IT Brief UK - Technology news for CIOs & IT decision-makers
Story image
DNSSEC is becoming the key to a more User-Friendly Future
Tue, 14th Feb 2023
FYI, this story is more than a year old

Over the next few years, internet connectivity is likely to change, and the outcome will lead to two divergent futures. The first possibility is that it will be monopolised by a handful of providers, and costs for users will skyrocket. The second is that it will evolve into a vibrant ecosystem that is better positioned to encourage innovation. 

When it does diverge, the second of these scenarios will offer a positive outcome for consumers and enterprises, but ensuring that happens means improving security so that all users can connect to each other safely. An important key to making this happen lies in the Domain Name System (DNS) technology that is the underlying foundation for all online activity and, specifically, modern DNS Security Extensions (DNSSEC).      

There are reasons why the internet landscape is changing, but it’s important to understand that former challenges associated with DNSSEC are being resolved, making this technology vital for the future.

Looking ahead at Internet Connectivity

As more and more of our lives have been digitalised, the internet and how it is run has changed. Where once there was a wide choice of internet service providers and content delivery networks, now there are just a few managing a substantial portion of online connectivity. While users have benefited from the simplicity of setting up a secure, encrypted connection with a known entity, which itself can establish secure connections with other large organisations, the dominance of these companies has come with higher costs. Without healthy competition, the market is at the mercy of whatever pricing a provider sets and innovation has stagnated. More companies employing more creative brains results in fresh ideas, and this is much more likely if the ecosystem is not dominated by a few large players. What we should want instead are vibrant organisations, open-source projects and non-profits that can develop a stream of new and exciting technologies.      

The role of DNSSEC      

DNS underpins the internet enabling the connection of IT infrastructure, applications, and online services, but because of this, it is frequently attacked by bad actors. It is also a traditional technology that was not created with security in mind. Unfortunately, DNS requests can be intercepted, and the sender is unable to verify whether the IP addresses and other information that they receive are legitimate or if they will divert them to a malicious site. This vulnerability has meant that applications can disappear from the internet, and domain names can be hijacked to launch phishing attacks.       

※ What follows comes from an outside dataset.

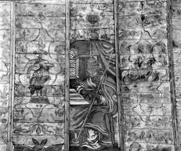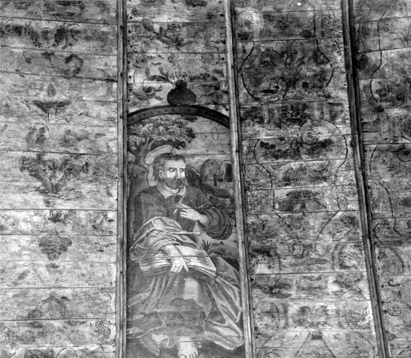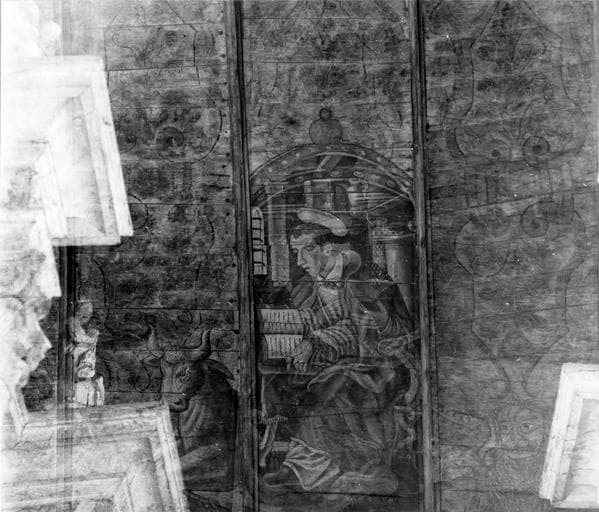 peintures : Les Quatre évangélistes, Saint Ambroise, Saint Pape, Saint Augustin et saint Jérôme avec des rinceaux de feuillages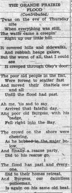A couple of weeks ago the blog was about Bear Creek flooding, and the narrow escape of Constable Burgess and a couple of other fellows when their boat overturned in the creek. This poem appeared in the May 17, 1935 Heraldgrams column. It appears as though the flood and the narrow escape in the icy flood waters was the talk of the town for quite some time.

This weakness has led to the development of DNSSEC. It works by using cryptographically signed DNS records to give the initial sender of the DNS query the reassurance that the returned IP address did, in fact, come from the intended target. While it is valuable, adoption has been slow for a variety of reasons.     

Breaking Down Barriers to DNSSEC Adoption

Organisations rely on DNS to dynamically steer traffic, allowing for fluctuations in infrastructure uptime so that users can be sent to the servers best equipped to manage more traffic. The most common form of DNSSEC is offline signing, which is unfortunate because it completes the cryptographic signing process before a DNS request comes in, making it incompatible with modern forms of traffic steering, which demand context-driven real-time DNS responses. In addition, DNSSEC has in the past been unable to reconcile advanced, non-standardised DNS technology from multiple vendors. These deficiencies have compelled providers to select either DNSSEC or traffic steering across multiple DNS providers — and many have ultimately prioritised functionality and flexibility over DNSSEC. 

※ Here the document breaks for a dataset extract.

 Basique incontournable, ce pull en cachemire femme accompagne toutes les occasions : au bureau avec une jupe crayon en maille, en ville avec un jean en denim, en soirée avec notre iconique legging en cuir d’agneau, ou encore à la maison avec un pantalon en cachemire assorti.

As and when the internet becomes more diverse, we can expect entities to field DNS traffic that we shouldn’t automatically trust. The good news, however, is that many of the common barriers to DNSSEC are now easier to manage. Modern DNSSEC providers have devised methods to sign DNS responses “on the fly” to fully support real-time traffic steering. Providers are also embracing an emerging ‘multi-signer DNSSEC’ open standard from the Internet Engineering Task Force that can support multiple DNS providers without compromising DNSSEC. The great benefit of this is that it allows a wider range of companies to play a fundamental role in internet connectivity without sacrificing security. 

DNSSEC opens the door to many innovative technologies if companies are committed to embracing its role in security. By utilising DNSSEC, firms will be able to rely on an Internet that runs both safely and dynamically without having to choose one or the other. This is the kind of healthy Internet environment we should be aiming for.